Ansible Automation Platform
AWS Ansible Deployment
These examples are intended to be modified and updated for individual uses as there is no one-size-fits-all deployment model for Ansible. The machine shapes, the database service, and networking configuration will all depend on organizational circumstances.
Introduction
This Ansible deployment example is implemented as an Ansible collection in the Ansible Content Lab. All of the details about the collection are available within the repository.

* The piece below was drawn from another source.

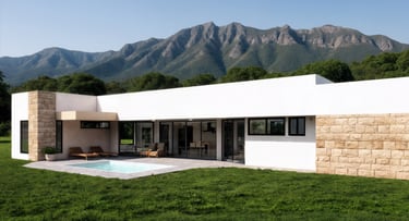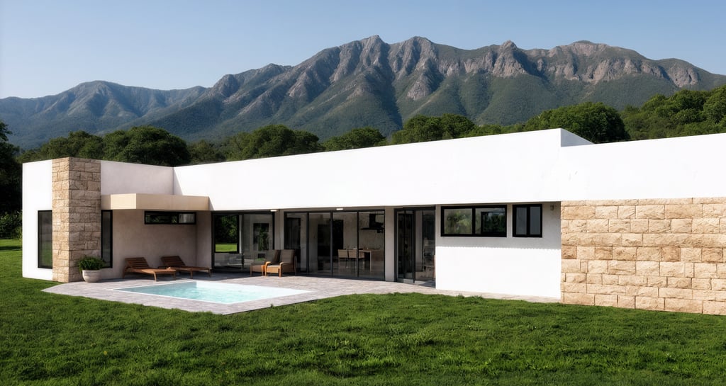 Una vivienda definida por la horizontalidad y la claridad de sus planos, donde volúmenes, aperturas y materialidad construyen una relación directa con el paisaje.

This collection performs the following actions in the order listed. There are variables that can be used to skip or prevent steps by setting variables, which are covered later in this document.
| Step | Description |
|---|---|
| Create a Deployment ID | Creates a random string that will be used in tagging for correlating the resources used with a deployment of AAP. |
| Create VPC | Creates a VPC with a CIDR block that can contain the number of subnets that will be created. |
| Create Subnets | Creates subnets for Controller, execution environments, Private Automation Hub, and EDA. |
| Create IGW | Creates an internet gateway so that VMs have access to the internet. |
| Create Security Group | Creates a security group that allows AAP ports within the VPC, and HTTPS and automation mesh ports externally. |
| Create a Route Table | Creates a route table to route traffic properly. |
| Create Database | Creates an Amazon RDS instance for Controller, Private Automation Hub, and EDA. |
| Create Controller VMs | Creates the virtual machines for each AAP component. |
| Create Controller Load Balancer | Creates an application load balancer when there are more than one Controller VMs created. |
| Create Hub VMs | Creates VMs for Private Automation Hub. |
| Create EDA VMs | Creates VMs for Event Driven Ansible. |
| Register VMs with Red Hat | Uses RHEL subscription manager to register each virtual machine for required RPM repos. |
| Update VMs | Updates each VM deployed with latest kernel and packages. |
| Setup One Controller VM as Installer | Moves the locally downloaded AAP installer to a single VMs and configures the installer inventory file based on the VMs that were created as part of this process. |
| Configure SSH on installer VM | Configures the installer VMs with a private SSH key so that it can communicate with the other VMs that are part of the installation process. |
| Configure RDS Databases | Ensure that the RDS instance has a database for Controller, Hub, and EDA. |
| Run AAP Installer | Runs the AAP installer on the installer VM. This process can take a long time. |
| Installation Cleanup | Deletes the installer and the SSH key from the the installer VM. |
Getting Started
These sections will describe required or recommended steps so that your Ansible Automation Platform deployment is as seamless as possible.
This Collection
If you do not intend to make changes to the collection, then you can install directly from the ansible-galaxy CLI tool. Examples in this readme will assume that you have done this.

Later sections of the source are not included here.